An SFrame that is in the same format as provided for training.

metric : str, {‘auto’, ‘rmse’, ‘precision_recall’}, optional

Metric to use for evaluation. The default automatically chooses ‘rmse’ for models trained with a target, and ‘precision_recall’ otherwise.

exclude_known_for_precision_recall : bool, optional

A useful option for evaluating precision-recall. Recommender models have the option to exclude items seen in the training data from the final recommendation list. Set this option to True when evaluating on test data, and False when evaluating precision-recall on training data.

target : str, optional

The name of the target column for evaluating rmse. If the model is trained with a target column, the default is to using the same column. If the model is trained without a target column and metric is set to ‘rmse’, this option must provided by user.

verbose : bool, optional

Enables verbose output. Default is verbose.
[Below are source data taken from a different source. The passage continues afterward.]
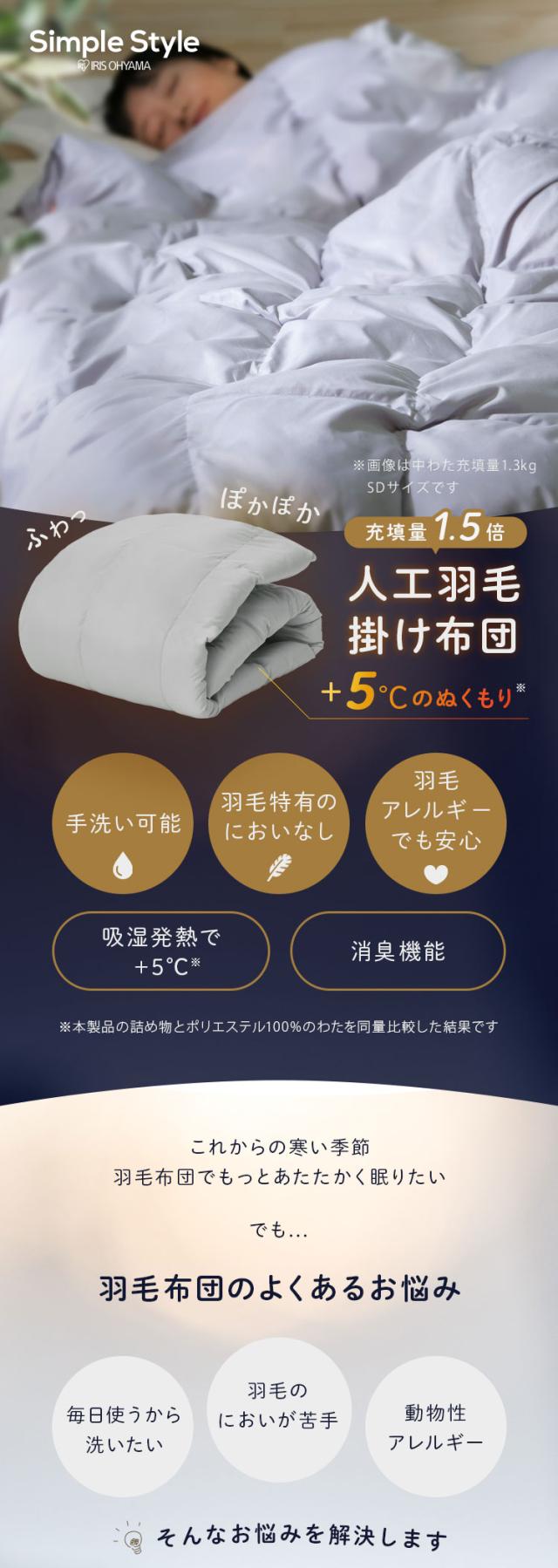 あたたかい眠りをサポートする、人工羽毛を使用した掛け布団“ダブルサイズ(約190×210cm)”の中わた増量タイプ。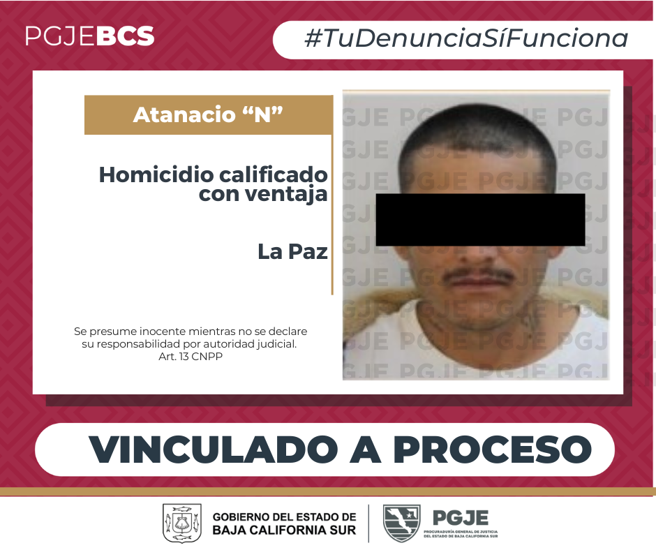 Al tener conocimiento del hecho ocurrido en la fecha descrita, la Procuraduría General de Justicia del Estado (PGJE) de Baja California Sur, inició la investigación e integró la Carpeta correspondiente para lograr establecer la probable participación del imputado en la comisión del hecho, en el que están relacionados dos hombres más.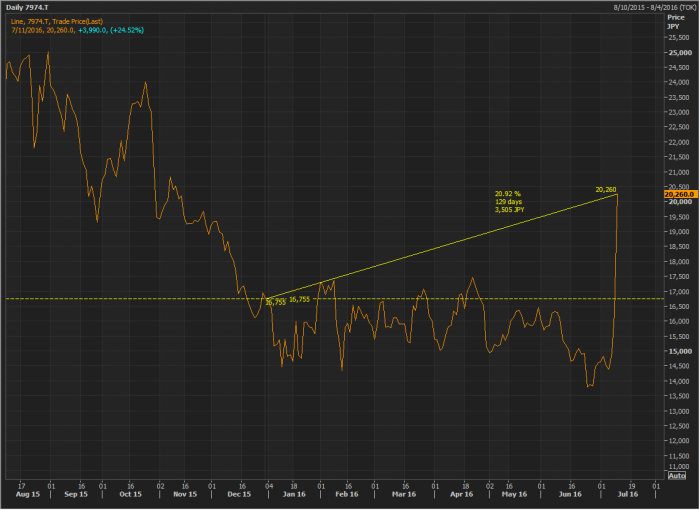 Beberapa hari setelah Pokemon Go dirilis, Nintendo mendapatkan perhatian khusus dari berbagai kalangan karena di anggap menghadirkan pengalaman baru dalam Dunia game. Akhirnya Saham Nintendo sebagai pemilik lisensi Pokemon Naik, Tidak tanggung-tangung harga saham Nintendo Naik 25% dalam waktu 2 hari saja. Coba lihat Grafik di berikut ini: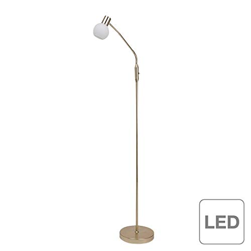 Specificaties: BRILLIANT lamp Philo LED vloerlamp 1-licht geborsteld messing/wit | 1x LED-D45, E14, 4W LED-droplamp inbegrepen, (450lm, 2700K) | Schaal A ++ tot E | Met tuimelschakelaar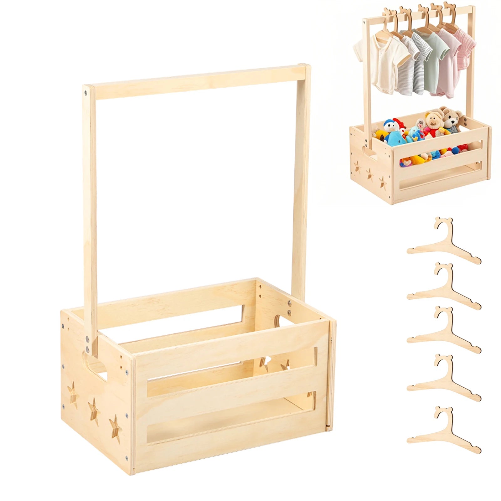 This wooden baby shower crate closet can be used for storage and hanging baby clothes or toys. It is made of wood material, which is sturdy and enduring. It is easy to assemble and suitable for storing baby necessities in the nursery.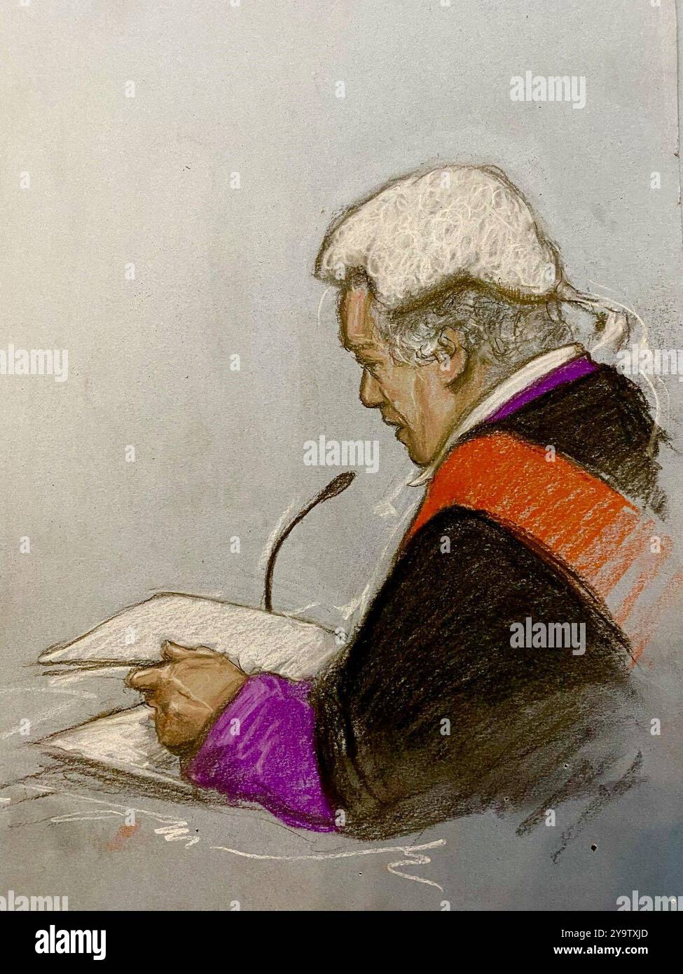 Court artist sketch by Elizabeth Cook of Honorary Recorder of Liverpool

When metric is set to ‘precision_recall’, these parameters are passed on to evaluate_precision_recall().

out : SFrame or dict

Results from the model evaluation procedure. If the model is trained on a target (i.e. RMSE is the evaluation criterion), a dictionary with three items is returned: items rmse_by_user and rmse_by_item are SFrames with per-user and per-item RMSE, while rmse_overall is the overall RMSE (a float). If the model is trained without a target (i.e. precision and recall are the evaluation criteria) an SFrame is returned with both of these metrics for each user at several cutoff values.

See also

evaluate_precision_recall, evaluate_rmse, precision_recall_by_user


>>> import turicreate as tc
>>> sf = tc.SFrame('https://static.turi.com/datasets/audioscrobbler')
>>> train, test = tc.recommender.util.random_split_by_user(sf)
>>> m = tc.recommender.create(train, target='target')
>>> eval = m.evaluate(test)